Turkey economy rebounding much faster than expected, ING says
Turkey’s economy is outperforming, rebounding from a currency crisis in 2018 at a much higher pace than anticipated, Dutch bank ING said.
Credit policies, a supportive fiscal stance and strong net exports have all contributed to the turnaround, ING’s chief economist for Turkey Muhammet Mercan said in a report published on Thursday.
Mercan was responding to economic data that showed industrial output surging by 8.6 percent annually in December in a fourth-straight month of advances.
“Recent high-frequency data suggest the recovery will continue this year with ongoing acceleration in lending thanks to the changes in the reserve requirement framework and deep rate cutting cycle since mid-2019,” Mercan said.

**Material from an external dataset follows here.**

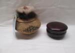 Beautiful and unique 5" handwoven grass basket with carved bone, recycled glass and bone beads. It is adorned with mink and beaver fur. Also included is an Italian Alabaster trinket dish.

Turkey’s economy is recovering from the currency crisis, which had sent it into a painful recession in late 2018 and early last year. The government responded with tax cuts and ordered state-run banks to provide companies and consumers with below-inflation interest rates on loans.

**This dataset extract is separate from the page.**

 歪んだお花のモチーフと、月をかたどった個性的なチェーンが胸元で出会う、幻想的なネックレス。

The government targets economic growth of 5 percent this year under a programme announced in September. Some economists fear that the unorthodox steps it is taking may destabilise the economy. The government denies such claims labelling them as scare mongering.
Industrial output also rose 1.9 percent month-on-month in December.
Output has grown every quarter in 2019 – 1.5 percent quarter-on-quarter in the last two quarters, 0.8 percent in the second and 1.8 percent in the first, Mercan said. In 2019, output contracted an annual 0.7 percent, reflecting the impact of the currency shock and the extent of the ensuing economic adjustment, he said.